El lugar en que las tribus celtas erigieron el Ara Solis o Altar del Sol. Allí donde termina el mundo conocido y puede contemplarse el enigma del mar inmenso e incógnito.
Hay algo que en los últimos tiempos me produce cierta melancolía; y confío en que en esta España suspicaz, irritable, dispuesta siempre a sentirse vejada por algo, se comprenda lo que pretendo decir —y si alguien con estúpidas orejeras no lo comprende, pues bueno, pues vale, le deseo más suerte en la próxima—. He observado que en los medios informativos, sobre todo en televisión, se menciona a menudo el cabo Finisterre con el nombre gallego de Fisterra. Esto es muy natural, pues desde que la lengua gallega tiene memoria el viejo término latino se ha contraído en esa otra expresión local. Que en el fondo es sólo eso, una contracción lingüística de la palabra original, “Fisterra” por “Finisterre”; ya que realmente, o eso me cuentan mis amigos de allí —Manuel Jabois, Pedro Feijoo— fis no significa nada en gallego, idioma en el que la versión correcta de Finis terrae sería el femenino A fin da Terra.
La mención a Finisterre como Fisterra, por tanto, del todo natural cuando se utiliza el idioma de Galicia, e incluso cuando se pretende manifestar respeto por esa lengua también española, es cada vez más frecuente en los medios informativos de ámbito nacional. O tal es la impresión que tengo. Seguramente por su carácter de nombre oficialmente reconocido —Fisterra, municipio de la provincia de La Coruña—, raro es el telediario en el que, al hablar por ejemplo del tiempo previsto o de un desdichado naufragio, no se mencione el lugar geográfico en su versión gallega: cabo Fisterra por aquí, cabo Fisterra por allá. Con el resultado, debido a la enorme influencia en el gran público de la televisión, la prensa y las redes sociales, de que no sólo en Galicia sino fuera de ella la hermosa palabra latino-española Finisterre, tan venerable, clara y definitiva en su significado formal, tan rica en su propia y secular memoria, se aleja cada vez más en beneficio de la otra. Lo que no es bueno ni malo, entiéndase. O tal vez sí sea malo, a fin de cuentas, si se piensa despacio. En todo caso es triste, o a mí me lo parece.

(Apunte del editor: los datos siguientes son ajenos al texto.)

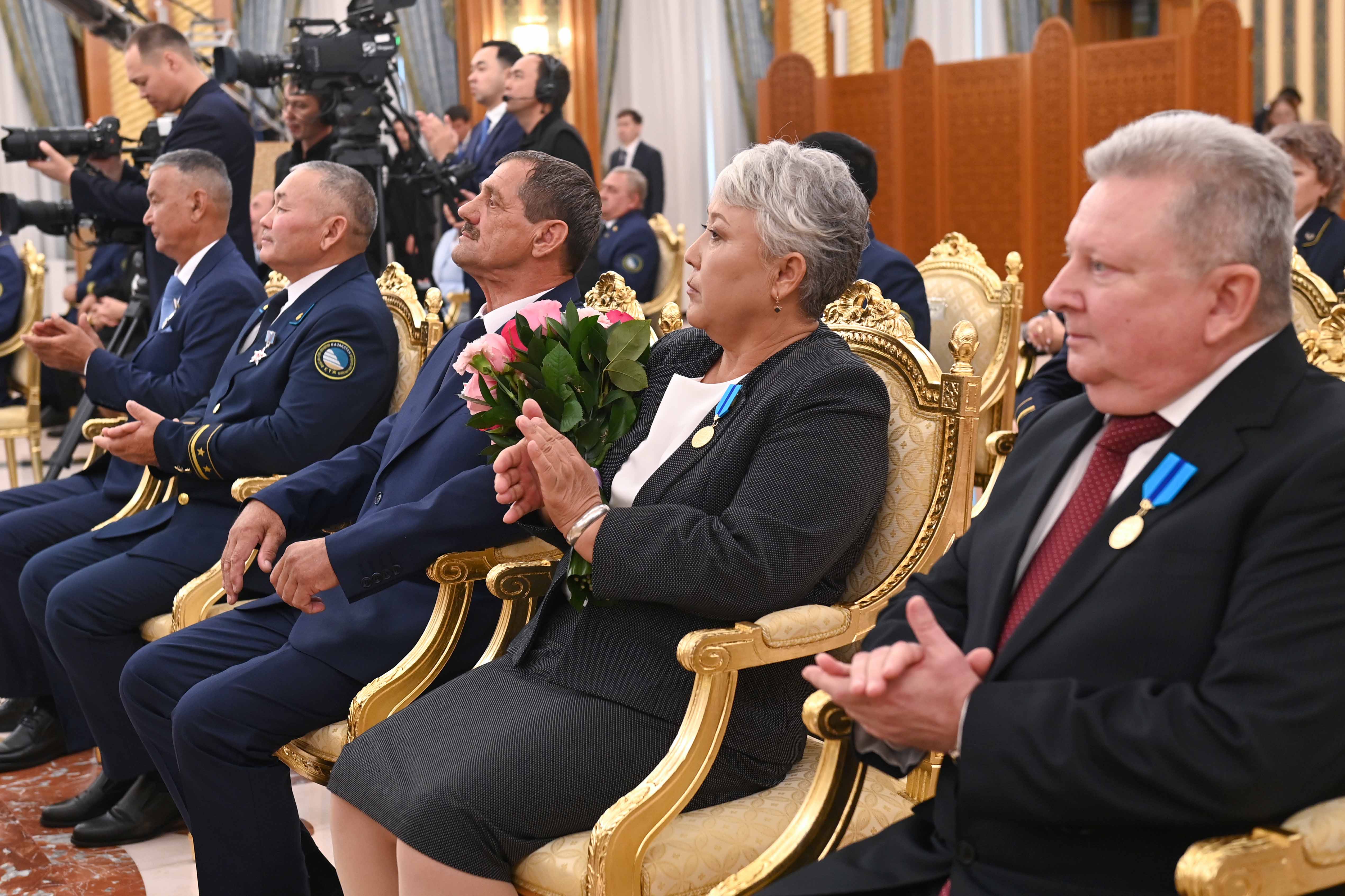 Сондай-ақ былтыр мемлекеттік наградалар жүйесіне 9 жаңа құрметті атақ енгізілді. Соның бірі – «Қазақстанның көлік саласының еңбек сіңірген қайраткері». Бүгін бұл құрметті атақ еңбек ардагерлері – Борис Исинамановқа, Владимир Аверкинге, Қанат Шайминге және Андрей Горватқа берілді.

Porque las palabras, así lo creo sinceramente, no son simples herramientas de comunicación desprovistas de alma; sino también, o sobre todo, crisol de cultura y memoria, decantación de siglos, tesoro de contenidos y memoria. Y al acercarnos a ellas, al comprenderlas bien y utilizarlas correctamente, enriquecemos nuestra habla y la de nuestros interlocutores, nuestra comunicación verbal o escrita, con el poso cultural que en ellas han ido dejando los siglos. Por supuesto que las palabras cambian, evolucionan y se adaptan a nuevos tiempos y formas de mirar el mundo, como debe ser. Pero si en ese proceso se empobrecen y pierden de vista los significados que les dieron nobleza —no digamos ya si interviene en ello la contaminación política—, nos hacen a todos menos eficaces, menos cultos y menos libres. Y no vivimos, en absoluto, tiempos en los que sea bueno despreciar la eficacia, la cultura y ni la libertad.